1. Explore the most extreme environments in the Universe, where nature harnesses energies far beyond anything possible on Earth.
2. Search for signs of new laws of physics and what composes the mysterious Dark Matter.
3. Explain how black holes accelerate immense jets of material to nearly light speed.
4. Help crack the mysteries of the stupendously powerful explosions known as gamma-ray bursts.
5. Answer long-standing questions across a broad range of topics, including  solar flares, pulsars, and the origin of cosmic rays.

Photo Credit: Robert Gass

The newest kid on the cosmic block of observatories is GLAST, the Gamma-ray Large Area Space Telescope, being launched June 8 from Canaveral Air Force Station in Cape Canaveral, Florida. NASA, along with partners from five countries (United States, Italy, Sweden, Japan and France) designed and built a $690 million observatory to gather information pertaining to the extreme side of the universe – gamma-rays, the highest energy form of light. Once that information is collected in the LAT instrument on GLAST, scientists from 18 institutions – 270 in all – will decipher it and be able to determine the origins of the energy and crack the mystery of stupendously powerful explosions known as gamma-ray burst. The mission has several other goals -- finding answers to supermassive black-hole systems, pulsars and the origins of cosmic rays. 

 “We are excited about this mission, it’s a great leap in capabilities for viewing the universe,” said Steve Ritz, GLAST project scientist with Goddard Space Flight Center. “We are expecting to find surprises.”

LAUNCH 

GLAST will launch on a Delta II 7920H-10 heavy rocket, which has nine graphite epoxy strap-on solid rocket motors integrated in a 10-foot-diameter composite payload fairing to protect the spacecraft during its ascent through the Earth’s atmosphere. Once launched, GLAST will reside in a low-earth orbit at about 350 miles, an inclination of approximately 24.7 degrees. After liftoff, the spacecraft separation is about 75 minutes. 

The observatory will orbit Earth every 90 minutes and be able to view the entire sky in just two orbits –or about three hours. Once it is in space, the KU-band antenna is deployed and the solar arrays are extended.

“We designed for five years, with a 10-year goal. There are no consumables that are being used up and it is based on solid state electronics so it will degrade gracefully,” Spitz said.

When the lifetime of GLAST is finished, it will reenter the atmosphere and what doesn’t burn up will fall into the Pacific Ocean, he added.

Because GLAST will not have to cruise to a planet, scientists can take their time to calibrate the instruments once the observatory gets into its spot in orbit. This also gives the team time to understand the environment where the observatory is located.

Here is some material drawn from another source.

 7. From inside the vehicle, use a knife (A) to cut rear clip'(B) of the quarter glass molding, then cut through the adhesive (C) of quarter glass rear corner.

“During the first year of science a sky survey will take place and the information about gamma-ray bursts and super massive black holes will be released to the international science community.”

 

 Diagram of GLAST's Delta II H Booster Photo Credit: ULA

MAKINGS OF GAMMA RAY BURSTS

Gamma-ray bursts (GRBs) were discovered by American surveillance satellites in the late 1960s. These satellites were looking for gamma rays coming from possible clandestine Soviet nuclear tests, but instead found brief but intense flashes of gamma rays coming from random directions in space, according to NASA.

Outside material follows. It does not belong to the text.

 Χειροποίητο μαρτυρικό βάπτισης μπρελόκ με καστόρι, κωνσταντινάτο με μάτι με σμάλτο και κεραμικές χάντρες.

To this day GRBs remain one of the greatest mysteries of modern astronomy. Despite lasting only a few milliseconds to several minutes, they are the brightest gamma-ray phenomena known, outshining all other sources of gamma rays combined.

"An individual GRB can release in a matter of seconds the same amount of energy that our Sun will radiate over its 10-billion-year lifetime," GLAST Deputy Project Scientist Neil Gehrels of NASA's Goddard Space Flight Center, said.

Astronomers have made considerable strides in recent years in understanding GRBs, progress that can be directly atributed to a series of successful NASA missions. The Burst Transient Source Experiment (BATSE) on NASA's Compton Gamma-ray Observatory detected several thousand GRBs and showed that they come from random directions on the sky-which strongly suggested that they are not of galactic origin and must occur at great distances.

On March 19, 2008, Swift discovered a bright Gamma-Ray Burst (GRB 080319B). The image shows the X-ray afterglow as seen by the X-Ray Telescope (left) and the bright optical afterglow as observed by the Ultraviolet/Optical Telescope on board Swift. Credit: NASA/Swift/Stefan Immler

In the late 1990s, the Italian/Dutch BeppoSAX satellite was able to pinpoint the location of several GRBs, which enabled X-ray, optical, and radio telescopes to monitor their afterglows. This was a crucial development, since it enabled astronomers for the first time to measure distances to bursts and observe how they interacted with their surrounding environments.

The now-defunct HETE-2 satellite and the currently operating NASA Swift satellite have significantly extended and improved these capabilities, and have lofted our study of GRBs to new heights.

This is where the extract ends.